Decomposition rationale: FeedFetcher has three clearly separable responsibility clusters: (1) source state updates after fetch (update_source_for_success, update_source_for_not_modified, update_source_for_failure, reset_retry_state!, apply_retry_strategy!, create_fetch_log -- ~120 lines), (2) adaptive interval computation (apply_adaptive_interval!, compute_next_interval_seconds, adjusted_interval_with_jitter, jitter_offset, and all interval config helpers -- ~110 lines), (3) entry processing (process_feed_entries, normalize_item_error, safe_entry_guid, safe_entry_title -- ~80 lines). The remaining orchestration (call, perform_fetch, handle_response, handle_success, handle_not_modified, handle_failure, HTTP helpers) stays in the main file.

Trade-offs considered:

  • Could extract HTTP/connection as a fourth module, but perform_request and connection are only ~10 lines and tightly coupled to the orchestrator.
  • Could use Ruby mixins (include/extend) instead of delegation, but delegation preserves clear ownership and matches the item_scraper pattern.
  • Structs (Result, EntryProcessingResult, ResponseWrapper) stay in the main file because they define the public API contract.

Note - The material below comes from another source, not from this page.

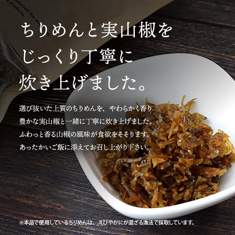 -お酒のおつまみに-しょうゆの旨味、実山椒の爽やかな香りと苦み、ちりめんの塩味が日本酒と相性抜群です。

What constrains the structure:

  • The main file must require its sub-modules (matching item_scraper pattern)
  • Sub-modules need access to source, fetching_config, and other state -- pass via constructor or delegate
  • All tests pass without modification -- the public API is preserved
  • Each extracted module lives in lib/source_monitor/fetching/feed_fetcher/ directory (matching item_scraper/ pattern) </context>

Tasks

Execution note: Task 2 (AdaptiveInterval) should be completed before Task 1 (SourceUpdater) because SourceUpdater depends on AdaptiveInterval for the apply_adaptive_interval! method. Task 3 (EntryProcessor) is independent of the other two. Task 4 is the final wiring pass.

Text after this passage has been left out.